- [Goal of the exercise]: Set down the whole listing below exactly. The pictures stay out.

- [Data shown]:
^^^^

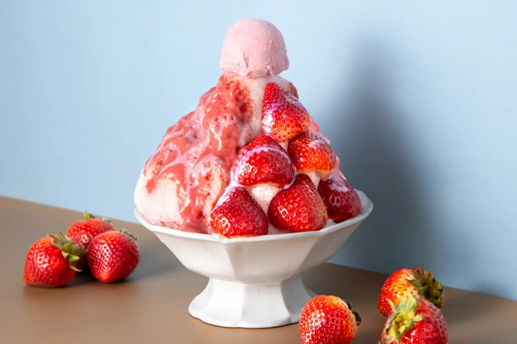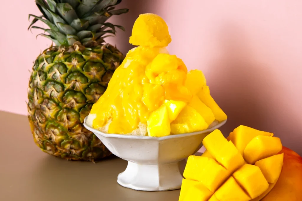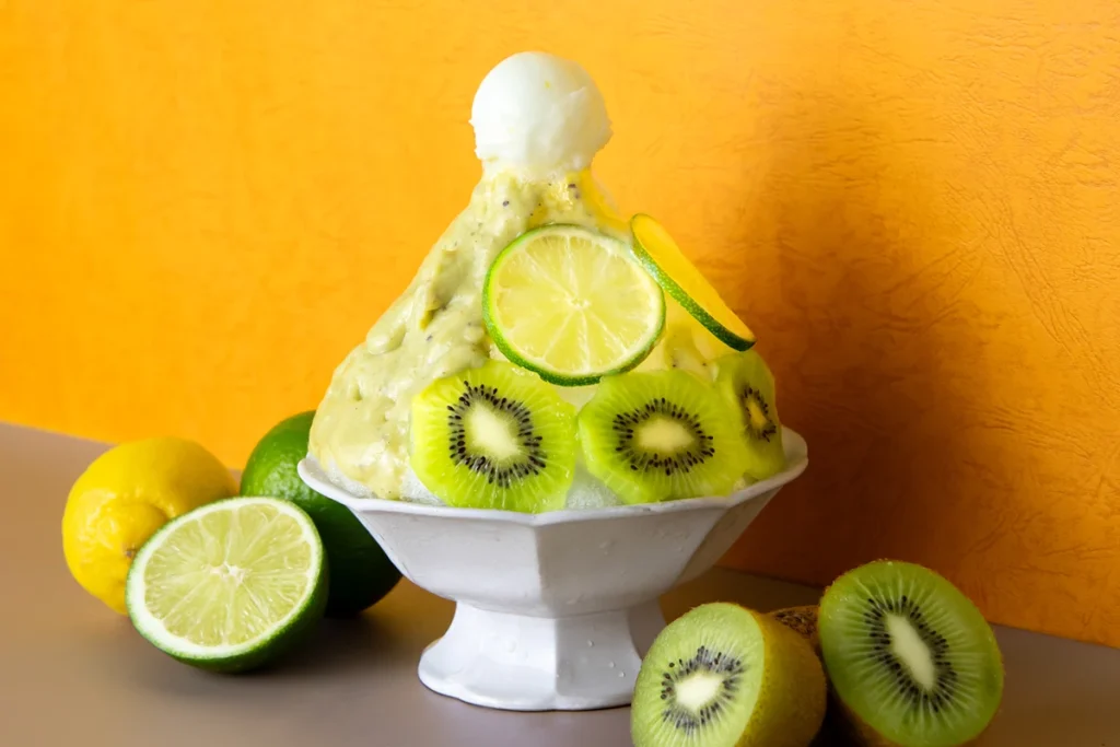 かき氷はどっさりフルーツ、てっぺんにはフレーバーのアイスが乗り、ふわふわシェーブドアイスの中にはミルクプリンも入った、満足度◎な「イチゴ✕ミルク」「マンゴー✕パイン」「キウイ✕ライム」の3種です。
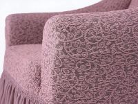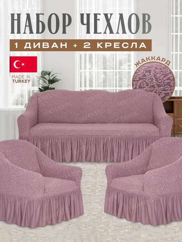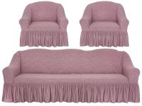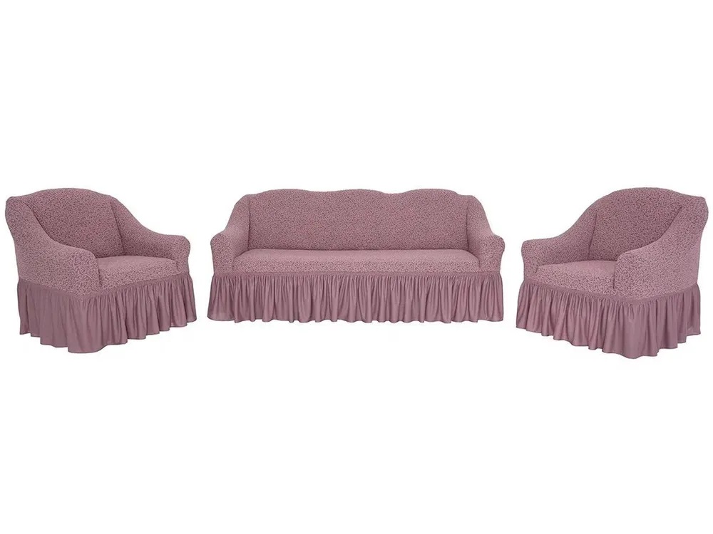 Комплект чехлов на 3-х местный диван и 2 кресла с оборкой Жаккард , пудровый
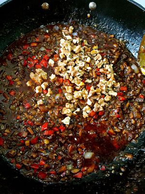 加入熟核桃,芝麻,番茄酱,麻油小火熬制哦
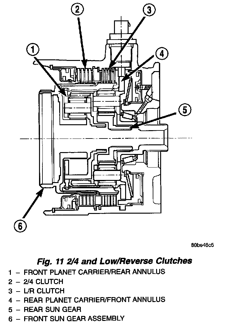 Two hydraulically applied multi-disc clutches are used to hold planetary geartrain components stationary while the input clutches drive others. The 2/4 and Low/Reverse clutches are considered holding clutches and are contained at the rear of the transaxle case (Fig. 11).

^^^^

- [Solution below]:
 かき氷はどっさりフルーツ、てっぺんにはフレーバーのアイスが乗り、ふわふわシェーブドアイスの中にはミルクプリンも入った、満足度◎な「イチゴ✕ミルク」「マンゴー✕パイン」「キウイ✕ライム」の3種です。
 Комплект чехлов на 3-х местный диван и 2 кресла с оборкой Жаккард , пудровый
 加入熟核桃,芝麻,番茄酱,麻油小火熬制哦
 Two hydraulically applied multi-disc clutches are used to hold planetary geartrain components stationary while the input clutches drive others. The 2/4 and Low/Reverse clutches are considered holding clutches and are contained at the rear of the transaxle case (Fig. 11).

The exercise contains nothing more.